═════ Data for processing

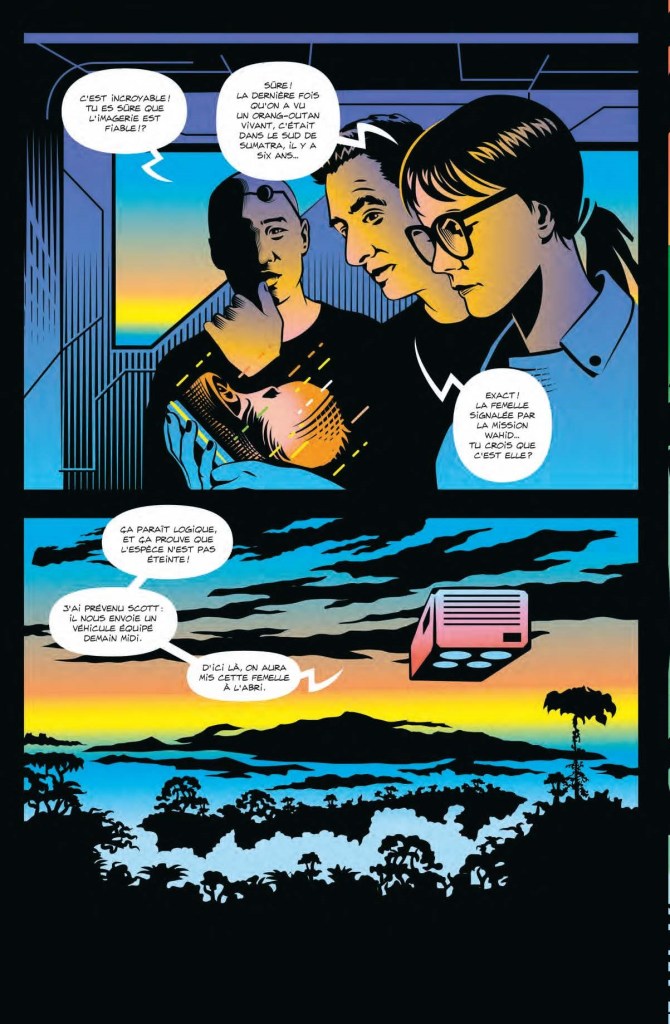 S. L. : Effectivement. Dans le pitch que Yann avait amené et dans la réflexion générale qu’on a faite puisque le livre se situe en 2060, il y a des enjeux sur la biodiversité qui sont très forts puisqu’on parle du dernier orang-outang présent et de la crise d’hystérie politique et scientifique que cette découverte génère dans l’histoire. Il y a un très grand livre d’un écrivain anglais qui s’appelle John Brunner. Le livre date de 1972 et il est traduit en français sous le titre Le troupeau aveugle. Donc c’est un livre qui a maintenant cinquante ans exactement. Et c’est un livre, on le lit aujourd’hui, on prend une claque parce que c’est un livre qui annonce exactement la crise écologique qu’on est en train de vivre. Donc je le fais apparaître dans l’histoire. On voit sa couverture, la couverture originale de l’édition américaine, on a fait attention. C’est un livre qui circule entre la Terre et l’espace et qui était pour moi à la fois une manière de saluer le génie de John Brunner que j’ai rencontré une fois qui était un réel génie qui avait une vision du futur terriblement puissante puisqu’elle se réalise et pas que sur le problème écologique. Il a aussi écrit un livre encore plus célèbre Tous à Zanzibar qui raconte ce qu’est une Terre surpeuplée et donc on voulait le mentionner pour son génie prospectif et on voulait aussi saluer à travers la citation de ce livre une des grandes collections françaises de science-fiction Ailleurs et demain aux éditions Laffont qui avait des couvertures argentées et l’éditeur en particulier, Gérard Klein. Il est toujours vivant, c’est un des grands maîtres de la science-fiction française et on ne pouvait pas faire ce livre sur le futur à moyen terme sans lui rendre hommage d’une manière ou d’une autre. Donc la citation vient de là, vient de ce désir-là.
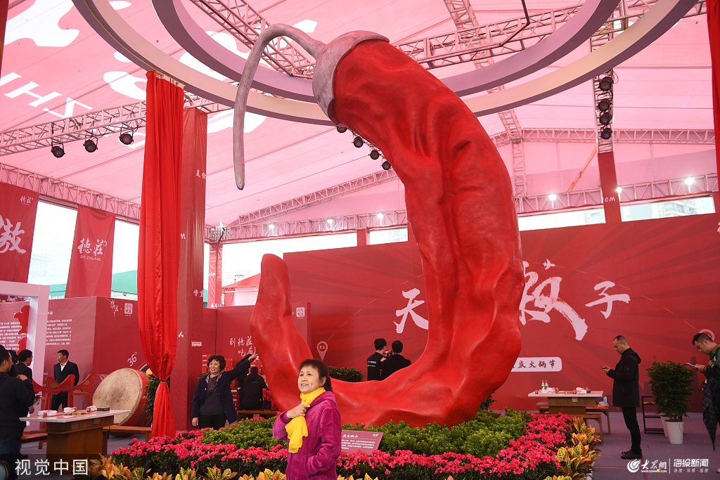 2019年10月25日,重慶,第十一屆中國(重慶)火鍋美食文化節(jié)在北濱路金源時(shí)代購物廣場(chǎng)盛大開幕,巨型辣椒雕塑“天之椒子”驚艷亮相。該辣椒雕塑高6米、重3.14噸,象征著紅火與熱情,由意大利藝術(shù)家朱紙創(chuàng)作,吸引眾人目光。圖片作者:渝慶/視覺中國
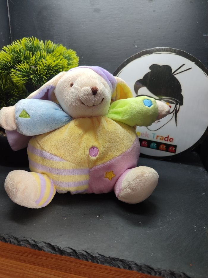 lapin boule jaune vert bleu bonnet CMP violet  beige crème rose Rayé Doudou  - photo numéro 1
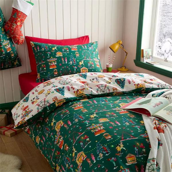 Step into the magic of Christmas with this enchanting bedlinen set against a deep evergreen backdrop. It features charming illustrations of a festive fairground, carol singers, and children visiting Santa's grotto, all inspired by the timeless joy of winter celebrations.
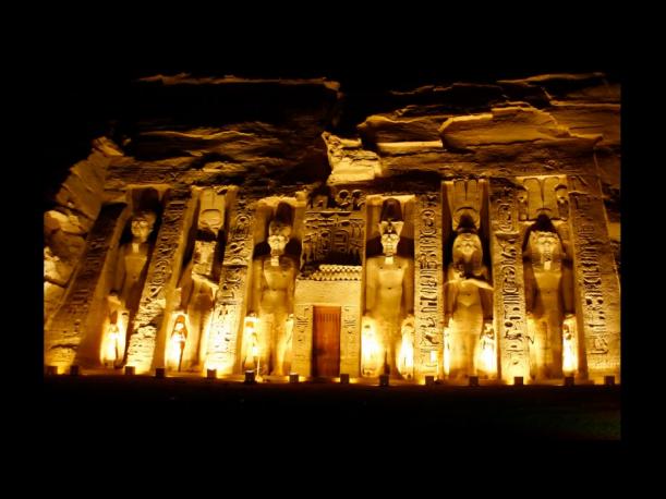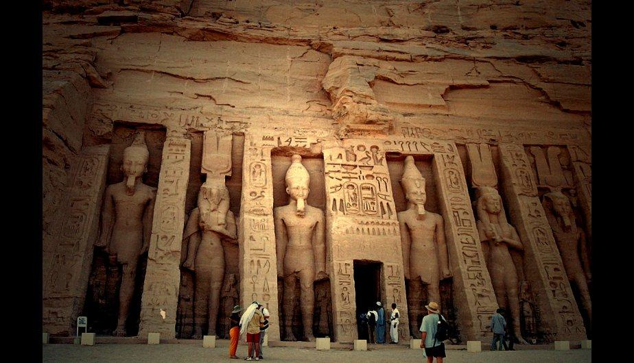 Egipto. Durante el siglo XIII a.C., el faraón Ramsés II ordenó excavar templos en la roca en honor a él, a su esposa Nefertari, y a las deidades Amón, Ra y Ptah. Hoy día, estos templos se reúnen en el emplazamiento de interés arqueológico llamado Abu Simbel, visitados por millones de turistas alrededor del mundo.
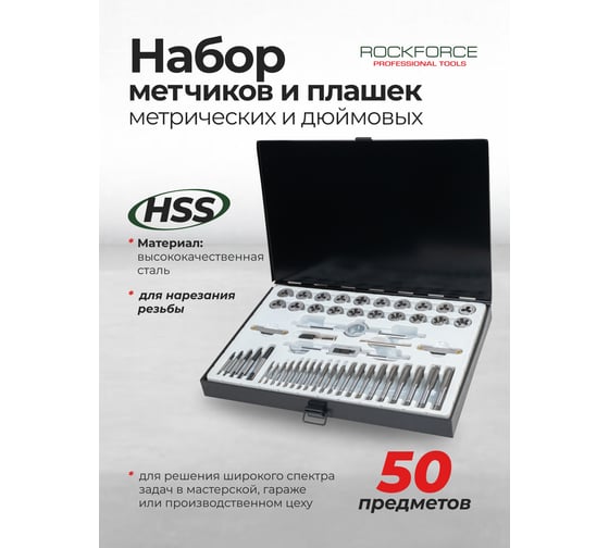 Набор метчиков и плашек Rockforce 50 предметов RF-M050-3(63007)

══════════

Problem description: The lines from the one containing "Egipto. Durante el" through the end of the data above are to be copied exactly, both ends included, and pictures are to be omitted.

Solution for this exercise:
 Egipto. Durante el siglo XIII a.C., el faraón Ramsés II ordenó excavar templos en la roca en honor a él, a su esposa Nefertari, y a las deidades Amón, Ra y Ptah. Hoy día, estos templos se reúnen en el emplazamiento de interés arqueológico llamado Abu Simbel, visitados por millones de turistas alrededor del mundo.
 Набор метчиков и плашек Rockforce 50 предметов RF-M050-3(63007)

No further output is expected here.